A: We are  given three complex numbers such that 
$|a_1| = |a_2| = |a_3| =1$ that also satisfy
$$\frac{a_1^2}{a_2 a_3} + \frac{a_2^2}{a_1 a_3} + \frac{a_3^2}{a_1 a_2} = -1. \tag{1} $$
Clearing denominators we get
$$ a_1^3 + a_2^3 + a_3^3 = -a_1a_2a_3. \tag{2} $$
Let $$ b_0:=a_1a_2a_3, \, b_1:=a_1^3,\, b_2:=a_2^3,\, b_3:=a_3^3. \tag{3} $$
Now equation $(2)$ can be written as $$ b_0 + b_1 + b_2 + b_3 = 0 \tag{4} $$
where $\,b_0, b_1, b_2, b_3\,$ are the vertices of a (perhaps degenerate)
rectangle. This is because, for example, let $\,M:=(b_0+b_1)/2\,$ be the midpoint of the  chord line segment $\,b_0b_1.\,$ This chord is perpendicular
to the radius passing through $\,M\,$ from the origin, and determines the chord. Now by equation $(4)$ we must have $\, -M = (b_2 + b_3)/2\,$ and replacing $\,M\,$ by $\,-M\,$ negates the pair placing $\,b_2b_3\,$ on the opposite side of the unit circle. If $\,M=0\,$ the two pairs coincide and 
are the vertices of a degenerate rectangle.
Thus there is a pairing of $\,b_0,b_1,b_2,b_3\,$ so that the numbers of
each pair sum to zero. Without loss of generality we renumber $\,b_1,b_2,b_3\,$ so that $\,b_2 = -b_0\,$ and $\,b_3 = -b_1.\,$ By
definition of $\,b_0\,$
$$ b_0^3 = b_1b_2b_3 = b_0b_1^2 \tag{5} $$ which implies $\, b_0^2=b_1^2\,$
and thus $\, b_1^2 = b_2^2 = b_3^2 =: w.\,$  Therefore
$$ \{a_1,a_2,a_3\} \subset \{z\mid z^6=w\}. \tag{6} $$
Without loss of generality, because equation $(2)$ is homogeneous, we may
assume that $\,a_3=1\,$ and that the other two numbers are sixth roots of
unity. A calculation of all possibilities shows that
$$ a_1+a_2+a_3 \in \{1,-1,2,1+\sqrt{-3},1-\sqrt{-3}\}. \tag{7} $$
Finally, $\,|a_1+a_2+a_3|\,$ is either $1$ or $2$.

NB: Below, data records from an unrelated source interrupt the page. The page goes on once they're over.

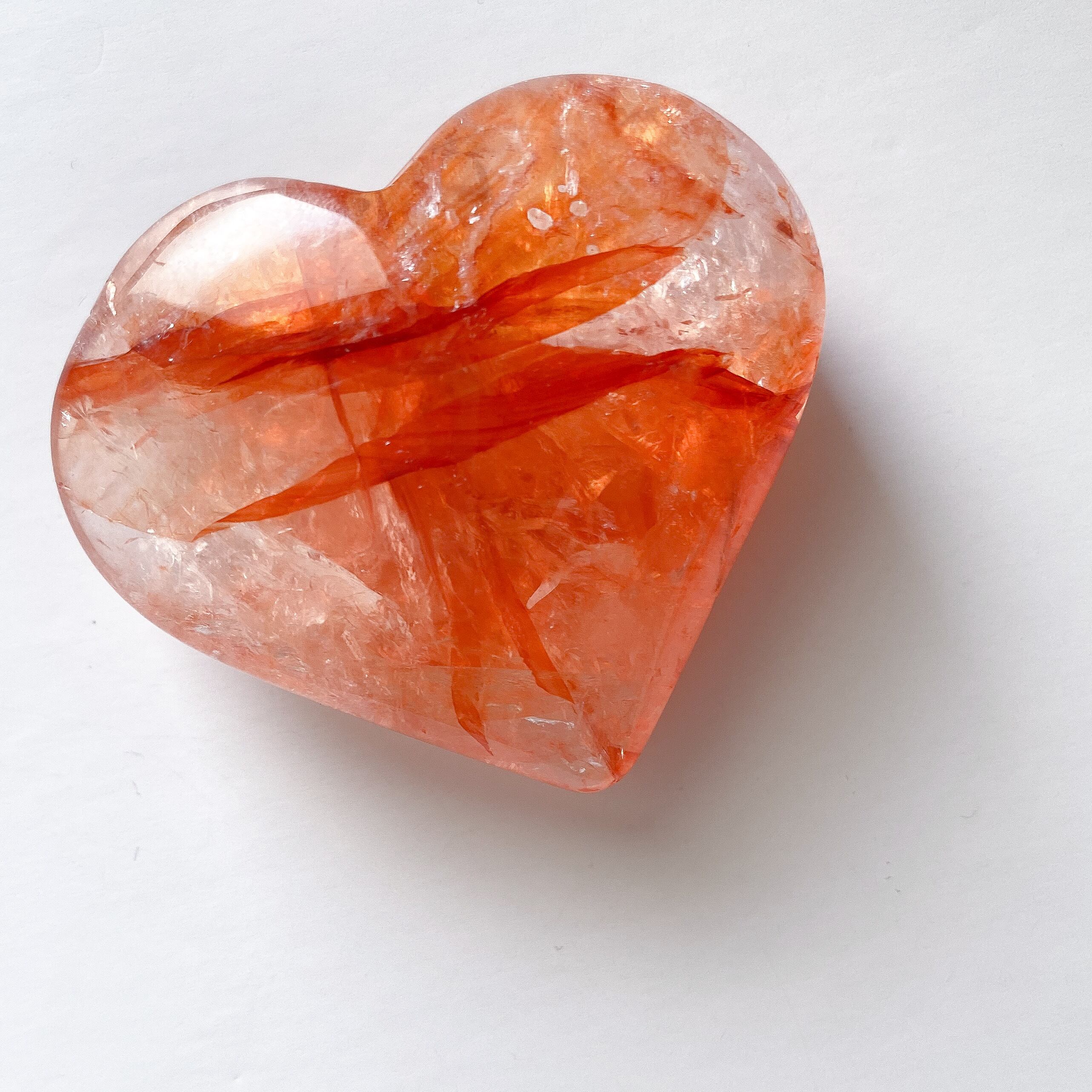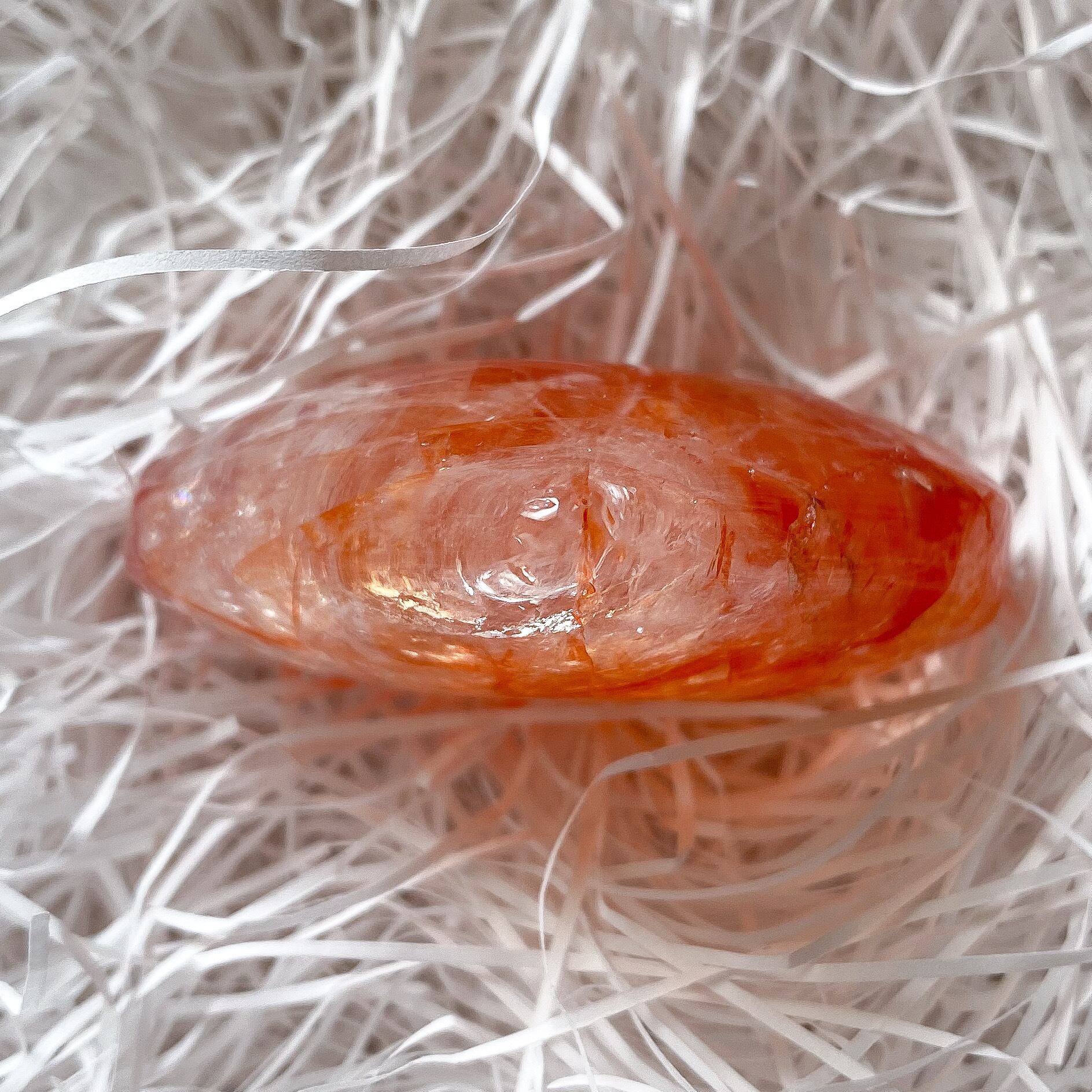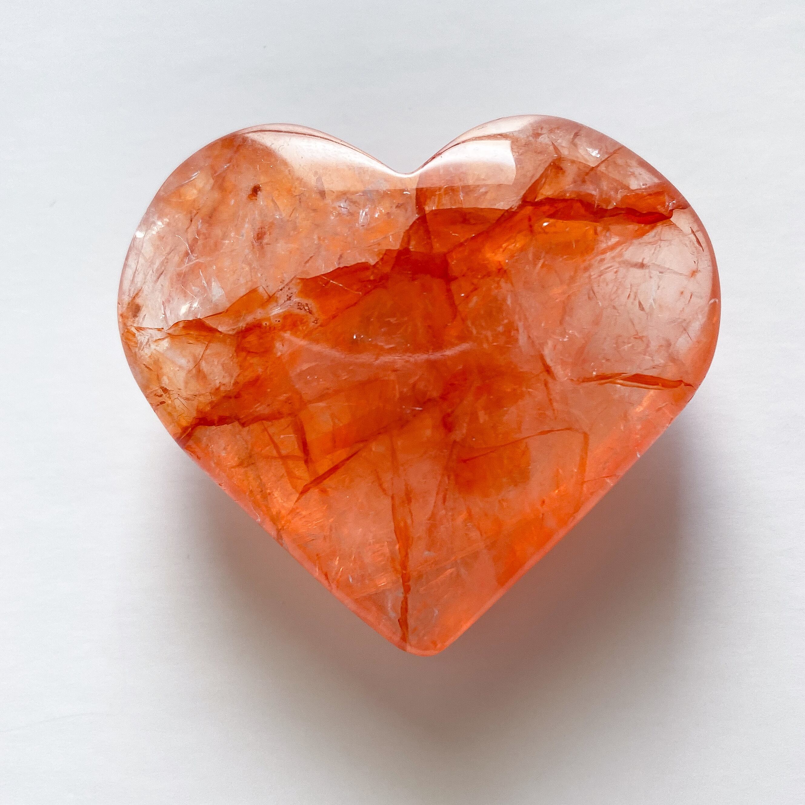 赤色のハートは定番ではありますが、明るいレッドカラーを見ているとこちらも元気になれそうな気がしてきます。ヘマタイトインクォーツは血流を良くする作用があるそうです。生命力に溢れる色をしたハートシェイプだと思います。
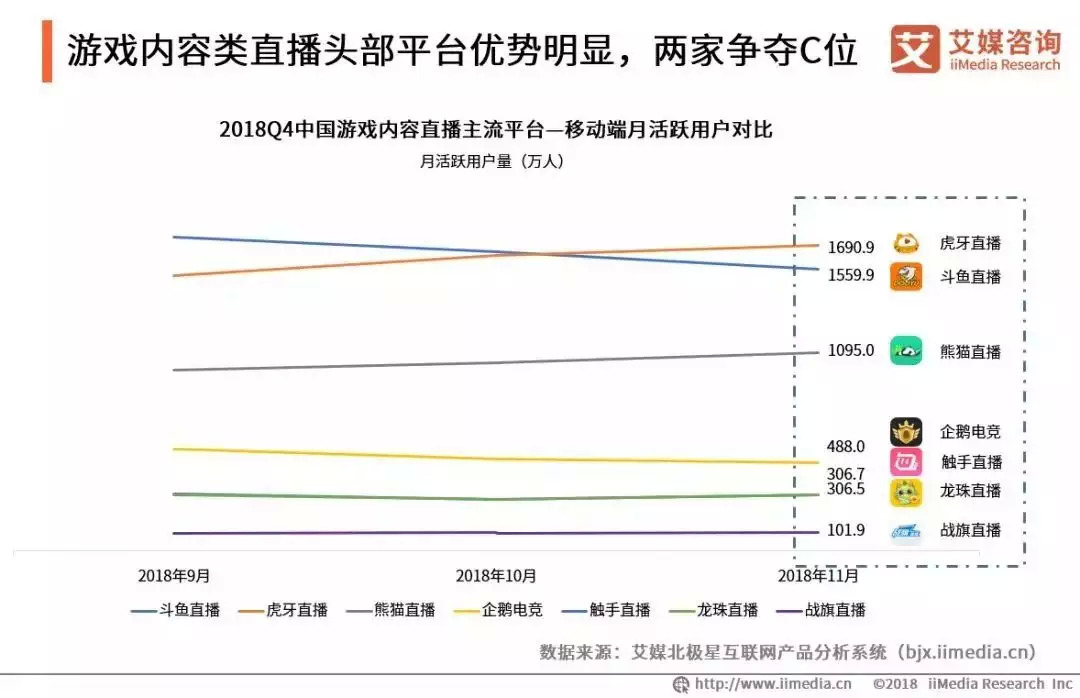 其中,虎牙与斗鱼不相上下,共同争夺C位。龙珠直播于2018年11月被停播整顿、熊猫直播陷入破产传闻,基本已退出第一梯队的游戏直播平台。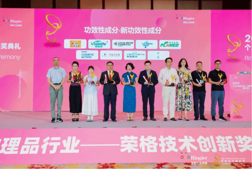 同期,个人护理品行业——荣格技术创新奖颁奖现场,德赢vwin体育创新原料“新一代烟酰胺”、“榄青素”在祛斑美白成分、新功效性成分两个领域皆有上榜,有力展现企业在行业内的广泛影响力和市场认可度。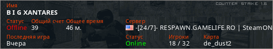 Играет на Counter Strike 1.6 сервере. Страна: СШАПервый раз замечен 16:53 09.11.2025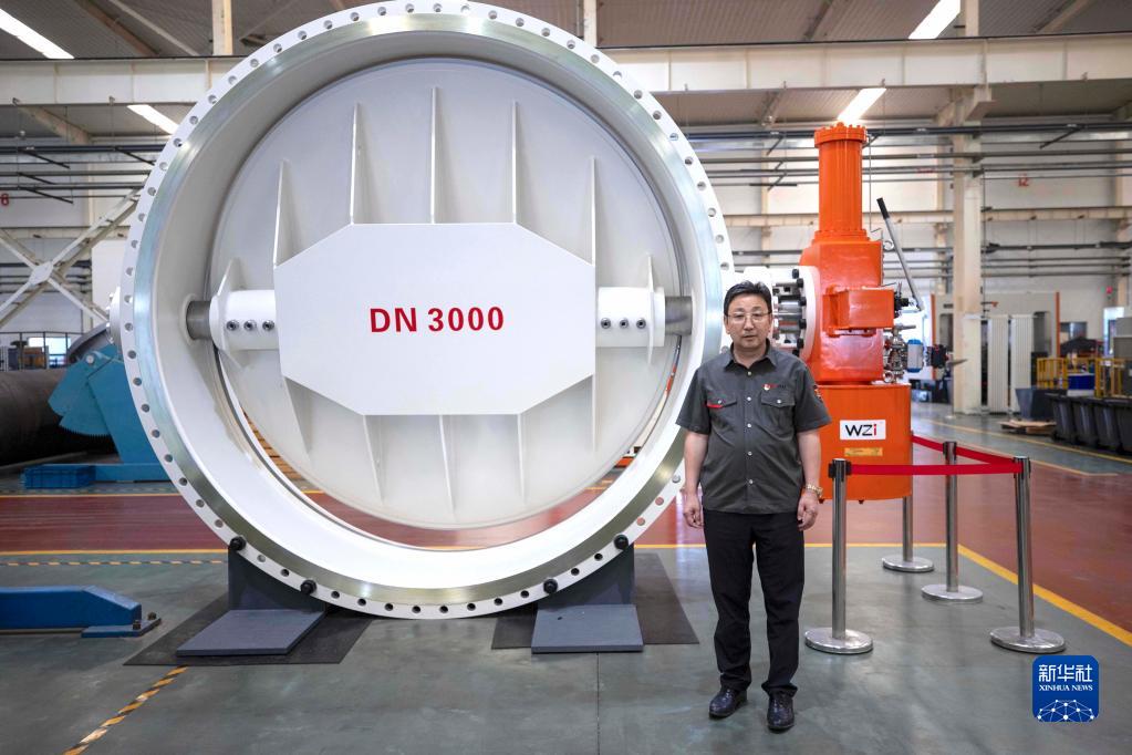 馬玉山在位于寧夏吳忠市的吳忠儀表有限責(zé)任公司自動化產(chǎn)業(yè)園數(shù)字化裝配車間中,左側(cè)為該公司生產(chǎn)的DN3000三偏心蝶閥(9月12日攝)。 新華社記者 楊植森 攝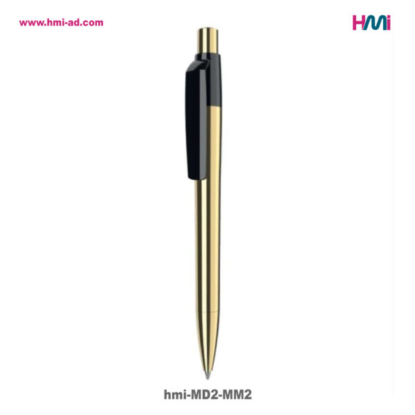 Golden Metal Ball Pen MD2 from Maxema, is a mood metal pens series made in Italy which we offer on hmi-ad. What else do you expect to have from a promotional premium pen. The also used sturdy metal for their creations. They are strong and secure to utilize as a result. The gold metal had been specifically fashioned inside the barrel. As a result, the entire barrel has a shiny diamond mirror surface. The tip and barrel both have the same golden hue. The push button on the pen is similarly gold-plated. As a result, it makes the pen appear expensive. The ball pen’s clip was made of ABS plastic in addition to the barrel. It’s dark. The clip does, however, also have a shiny surface. Options for screen printing and UV printing are included.

The $\,-1,1\,$ are both degenerate cases where two of the numbers coincide and the third is their negative. The other cases are when the three number
points on the unit circle are $\,60^\circ\,$ apart from the middle point.
In all of the five cases, the corresponding $\,\{b_0,b_1,b_2,b_3\}\,$ points
are the vertices of a degenerate rectangle.